:: How to complete this task ::
Apart from the images, reproduce all of the data word for word.

:: Data supplied ::
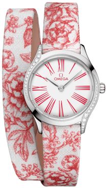 This women's fashion watch, the Omega De Ville Mini Tresor 428.17.26.60.04.003, boasts a polished stainless steel case and a red & white fabric strap Z017319 with a stainless steel tang buckle Z017285. Its white dial features red Roman numeral hour marker. The watch is powered by the Omega caliber 4061 battery operated quartz movement with a 'Long Life' feature to maximize battery autonomy. An inlet size of 13mm and a special mirrored case back with a 'Her Time' pattern add to the watch's unique features. Additionally, it has a push and pull crown set with a single diamond and red details on the crown.
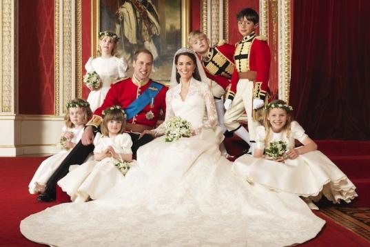 Con los niños que les acompañaron en el enlace. Más de 16 millones de personas siguieron el enlace por televisión en España.
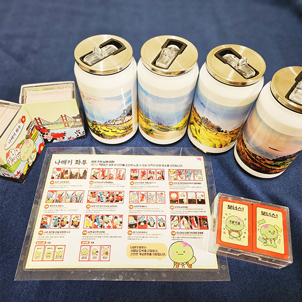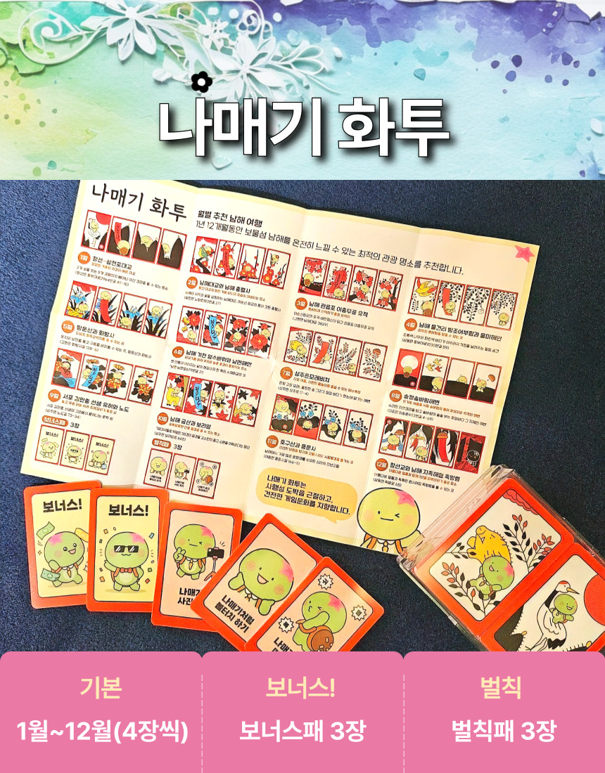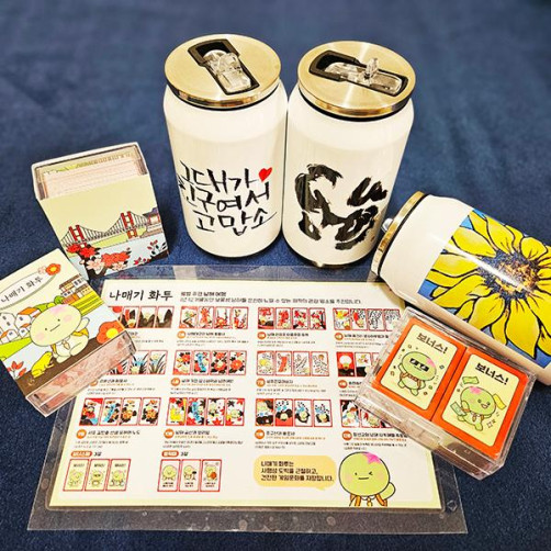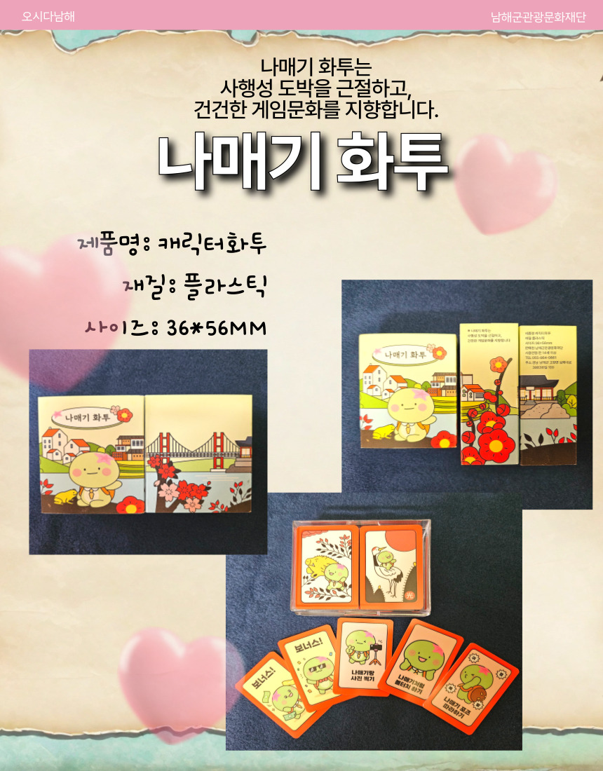 구성상품: 나매기 화투1+텀블러1 <나매기와 함께하는 감성남해 텀블러> - 나매기 화투 -제품명: 캐릭터화투재질: 플라스틱사이즈: 36*56mm판매원: 남해군관광문화재단사용연령: 만 14세 이상나매기 화투는사행성 도박을 근절하고,건전한 게임문화를 지향합니다. - 감성남해 텀블러 -용량: 350ml냉&온 기능이 탁월한 빨대형 텀블러맥주캔 사이즈로 아주 익숙한 텀블러윤슬처럼 반짝이는 멋스런 텀블러디자인: 감성남해(7점)/남해유자(4점)/행운의 해바라기/남해캘리/친구 --------------------------------------------------------------------------------------- < 캔버스에 수채화를 직접 그린 듯 한 느낌의 고급 아트지를 사용한 감성남해 엽서 7점> <다랭이마을 봄> <다랭이마을 여름> <다랭이마을 가을> <다랭이마을 겨울> <상주은모래비치> <남해 독일마을> <남해 금산> https://osidanamhae.modoo.athttps://www.instagram.com/osidanamhaehttps://smartstore.naver.com/osidanamhae
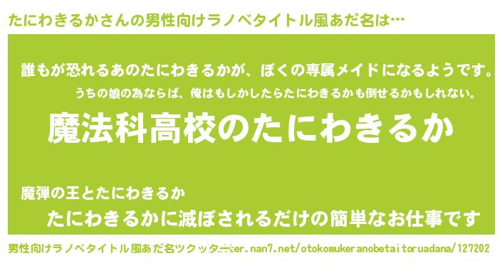 | 女子向けラノベタイトル風あだ名 | 『たにわきるかなんてお断りですっ。』 |
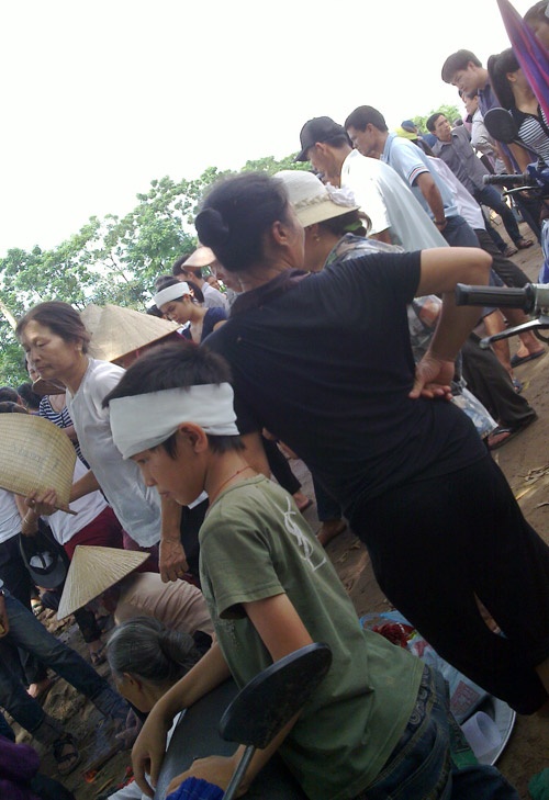 “Hôm nó mất, nước sông dâng lên đến ngang ngực người lớn. Chúng tôi người kéo, người đẩy bè chuối cho quan tài trôi hết khúc sông, ra tới đầu cánh đồng mới đưa lên xe tang đi vòng ra nghĩa địa được. Cả đoàn người đưa tang nhìn chiếc quan tài trôi trên sông, không ai cầm được nước mắt ”, anh Hùng, một người hàng xóm có mặt đưa đám tang ngậm ngùi chia sẻ.
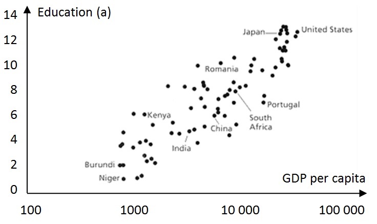 The diagram to the left illustrates the relationship between GDP per capita and the number of years that the average citizen spends in education.
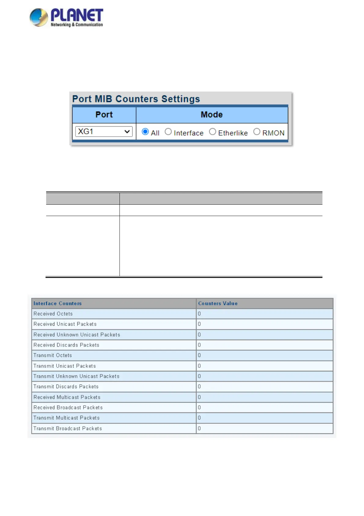Figure 4-3-3 Port MIB Counters Screenshot

:: Output for this exercise ::
 This women's fashion watch, the Omega De Ville Mini Tresor 428.17.26.60.04.003, boasts a polished stainless steel case and a red & white fabric strap Z017319 with a stainless steel tang buckle Z017285. Its white dial features red Roman numeral hour marker. The watch is powered by the Omega caliber 4061 battery operated quartz movement with a 'Long Life' feature to maximize battery autonomy. An inlet size of 13mm and a special mirrored case back with a 'Her Time' pattern add to the watch's unique features. Additionally, it has a push and pull crown set with a single diamond and red details on the crown.
 Con los niños que les acompañaron en el enlace. Más de 16 millones de personas siguieron el enlace por televisión en España.
 구성상품: 나매기 화투1+텀블러1 <나매기와 함께하는 감성남해 텀블러> - 나매기 화투 -제품명: 캐릭터화투재질: 플라스틱사이즈: 36*56mm판매원: 남해군관광문화재단사용연령: 만 14세 이상나매기 화투는사행성 도박을 근절하고,건전한 게임문화를 지향합니다. - 감성남해 텀블러 -용량: 350ml냉&온 기능이 탁월한 빨대형 텀블러맥주캔 사이즈로 아주 익숙한 텀블러윤슬처럼 반짝이는 멋스런 텀블러디자인: 감성남해(7점)/남해유자(4점)/행운의 해바라기/남해캘리/친구 --------------------------------------------------------------------------------------- < 캔버스에 수채화를 직접 그린 듯 한 느낌의 고급 아트지를 사용한 감성남해 엽서 7점> <다랭이마을 봄> <다랭이마을 여름> <다랭이마을 가을> <다랭이마을 겨울> <상주은모래비치> <남해 독일마을> <남해 금산> https://osidanamhae.modoo.athttps://www.instagram.com/osidanamhaehttps://smartstore.naver.com/osidanamhae
 | 女子向けラノベタイトル風あだ名 | 『たにわきるかなんてお断りですっ。』 |
 “Hôm nó mất, nước sông dâng lên đến ngang ngực người lớn. Chúng tôi người kéo, người đẩy bè chuối cho quan tài trôi hết khúc sông, ra tới đầu cánh đồng mới đưa lên xe tang đi vòng ra nghĩa địa được. Cả đoàn người đưa tang nhìn chiếc quan tài trôi trên sông, không ai cầm được nước mắt ”, anh Hùng, một người hàng xóm có mặt đưa đám tang ngậm ngùi chia sẻ.
 The diagram to the left illustrates the relationship between GDP per capita and the number of years that the average citizen spends in education.
Figure 4-3-3 Port MIB Counters Screenshot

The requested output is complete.